India Eyes Latin America
Indian investment is helping Latin America to diversify its sources of economic growth, making the region relatively less dependent on commodity exports. But what about low-wage Indian manufacturing? Doesn’t it pose a competitive challenge to Latin America, where manufacturing wages are higher? To a certain degree, yes. Broadly speaking, however, “Indian exports to the region are not a threat to Latin American industries,” as Heine and Viswanathan stress. “Over half of them consist of raw materials and intermediate goods such as bulk drugs, yarn, fabrics, and parts for machinery and equipment, which can help Latin American industries cut production costs and become globally competitive.”
In a 2010 study (“India: Latin America’s Next Big Thing?”), Inter-American Development Bank economist Mauricio Mesquita Moreira concluded that, while “the fundamentals exist for a strong trade relationship between the two regions,” economic cooperation is being hampered by tariffs and other trade barriers. The hope is that incremental progress on trade expansion will discourage protectionist policies. “More trade is likely to strengthen the virtuous circle in which trade boosts incentives for cooperation while cooperation creates even more opportunities to trade,” explains Moreira.

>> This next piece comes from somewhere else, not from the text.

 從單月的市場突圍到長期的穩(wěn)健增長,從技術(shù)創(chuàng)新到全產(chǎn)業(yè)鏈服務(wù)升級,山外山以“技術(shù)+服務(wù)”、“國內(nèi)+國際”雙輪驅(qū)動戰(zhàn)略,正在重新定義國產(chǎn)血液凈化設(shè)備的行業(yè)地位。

The recent growth of trade and investment ties between India and Latin America has encouraged warmer diplomatic relations. By 2009, note Heine and Viswanathan, LAC countries had 18 diplomatic missions in New Delhi, and India had 14 missions in the LAC region, up from twelve and seven, respectively, in 2002. The single most important bilateral relationship is that between India and Brazil, Latin America’s largest economy and most populous country. In 2003, the two nations joined with South Africa to sign the Brasília Declaration, which launched the India–Brazil–South Africa Dialogue Forum, or IBSA. The goal of this trilateral mechanism is to promote greater three-way cooperation on issues such as trade, investment, education, poverty reduction, and the environment. “Brazil has what India lacks: a large and fertile land mass with abundant water that can significantly increase the production of food -- something India will always need, be it soybean oil, legumes or sugar,” write Heine and Viswanathan.

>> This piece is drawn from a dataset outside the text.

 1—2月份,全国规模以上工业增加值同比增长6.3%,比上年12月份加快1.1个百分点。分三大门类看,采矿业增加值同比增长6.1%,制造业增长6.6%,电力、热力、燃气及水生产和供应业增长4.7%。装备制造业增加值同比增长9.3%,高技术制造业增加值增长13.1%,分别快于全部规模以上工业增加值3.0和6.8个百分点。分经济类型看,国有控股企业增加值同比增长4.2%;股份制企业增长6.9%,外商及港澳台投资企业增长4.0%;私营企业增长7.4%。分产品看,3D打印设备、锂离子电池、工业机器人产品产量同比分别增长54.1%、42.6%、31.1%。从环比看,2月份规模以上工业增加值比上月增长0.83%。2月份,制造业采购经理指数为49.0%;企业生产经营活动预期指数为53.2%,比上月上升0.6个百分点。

As Indo-Brazilian economic links continue expanding, we can expect the two governments to pursue closer collaboration on non-economic matters, including military affairs. This will unnerve the Communist rulers in Beijing, who fashion themselves the undisputed leaders of the developing world and fear the rise of India. Washington won’t always agree with New Delhi’s foreign-policy decisions, but it should welcome a robust Indian presence in Latin America. After all, on the biggest economic and strategic issues of the day, India and the United States are natural allies.